Between 40,000 and 50,000 military personnel are in Iraq despite
serious medical conditions that should have ruled them out of combat,
according to the National Gulf War Resource Centre. The GI Rights
Hotline, which counsels troops, says it fielded 32,000 calls last year
from soldiers seeking an exit from the military, or suffering from
post-combat stress.
Others vote with
their feet. Last year the Pentagon admitted that 5,500 of its forces
had gone awol, although it claims many returned to their units after
resolving personal crises. Some abandoned the country altogether - like
Chris Cornell, a Third ID private. At 24, he had been in the military
for two years, joining up in search of a better life than in the Ozark
mountains of Arkansas. Army life had begun to pall - "because of the
crap that goes on" - when the division began to prepare for Iraq. He
didn't want to go. "I didn't sign up to kill people. I couldn't live
with myself," he told the Guardian. At first, he tried to get a medical
discharge, deliberately failing dozens of physical training tests.

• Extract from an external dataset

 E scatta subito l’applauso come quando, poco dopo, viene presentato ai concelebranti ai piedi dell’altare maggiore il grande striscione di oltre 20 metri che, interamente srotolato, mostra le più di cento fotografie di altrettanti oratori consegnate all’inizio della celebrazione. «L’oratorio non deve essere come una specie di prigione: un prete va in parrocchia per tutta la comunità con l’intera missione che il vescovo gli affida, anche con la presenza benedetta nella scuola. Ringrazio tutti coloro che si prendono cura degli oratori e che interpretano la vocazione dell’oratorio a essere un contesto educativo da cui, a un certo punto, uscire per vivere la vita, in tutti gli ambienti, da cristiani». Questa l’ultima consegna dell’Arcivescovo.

Then, weeks before his unit's January 10 departure, his sergeant called
the troops in for a talk. "He got up there in front of the whole
battery and he told us we were going to Iraq, whether we liked it or
not."
Pte Cornell went home on leave and
consulted the activists he calls his adopted family. They suggested
Canada - terra incognita for a southerner like Pte Cornell - and he
landed in Toronto, jobless, sleeping in someone else's flat, and
seeking political asylum. He was the seventh US soldier to apply for
refugee status in Canada, and a half dozen more with Canadian parents
or spouses are claiming citizenship, according to Jeffrey House, a
Toronto lawyer handling many of the claims. But there could be hundreds
more who have gone to ground. "I believe there are a number of people
here illegally," he says. "No one would suspect them by their accent,
and so they just disappear."
Among those
who serve, resentment is high, fuelled by "stop loss" orders by which
the Pentagon hangs on to troops past their release date, and shortages
of armoured vehicles and protective gear. Emails and blogs from Iraq
regularly rail against officers and the war.

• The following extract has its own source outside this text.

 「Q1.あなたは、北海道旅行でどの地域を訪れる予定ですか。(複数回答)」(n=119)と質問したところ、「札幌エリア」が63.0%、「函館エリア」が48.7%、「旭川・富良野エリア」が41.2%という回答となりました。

The high command does not want to hear them, soldiers' advocates say,
because it does not want to encourage dissent. When Sgt Benderman tried
to file his papers as a conscientious objector in December, his
commanding officer called him a coward. Last month he was ordered to
face a court martial for desertion. He could face seven years in prison.
Now, away from his unit in the war zone, Sgt Benderman waits for the
army to hear his case. Each morning he leaves his home in Hinesville,
Georgia, to report for 6.30am drill. Others in his situation have gone
underground, but Sgt Benderman views that option with distaste. So does
his wife, Monica, who says: "If you really believe in what you are
doing, then why run?"
Carl Webb, 39, a
member of the Texas National Guard, claims he didn't have a choice. His
protest is just as public as Sgt Benderman's - and even less
conventional. He has been awol since last August but the military
should not have any problems finding him. Mr Webb has posted his email
address, phone number, and several photos of himself on a website
setting out his opposition to the war
For
years, the military had been his one constant in an otherwise
anchorless life, and Mr Webb did stints in the regular army as well as
various guard units. But by last July, when he was a month away from
getting out, he got the call that he was being plucked from his unit to
serve with a tank company near Baghdad.
"It was a total surprise. Even my command said this is some kind of a
mistake, and I could file a hardship case," he told the Guardian. Mr
Webb thought about filing a conscientious objector application, but
decided he didn't fit the strict criteria. Now he is daring the
Pentagon to try to get him because he figures that would encourage
other opponents of the war.
"Most
soldiers obey their orders because they are afraid of what could happen
to them. They think, 'Oh, they are going to throw me in a dungeon, and
put shackles on me, and I'll never see the light of day,' or they fear
the isolation," he said.
"But just by being out there, I am going to give them ideas. I'm an example."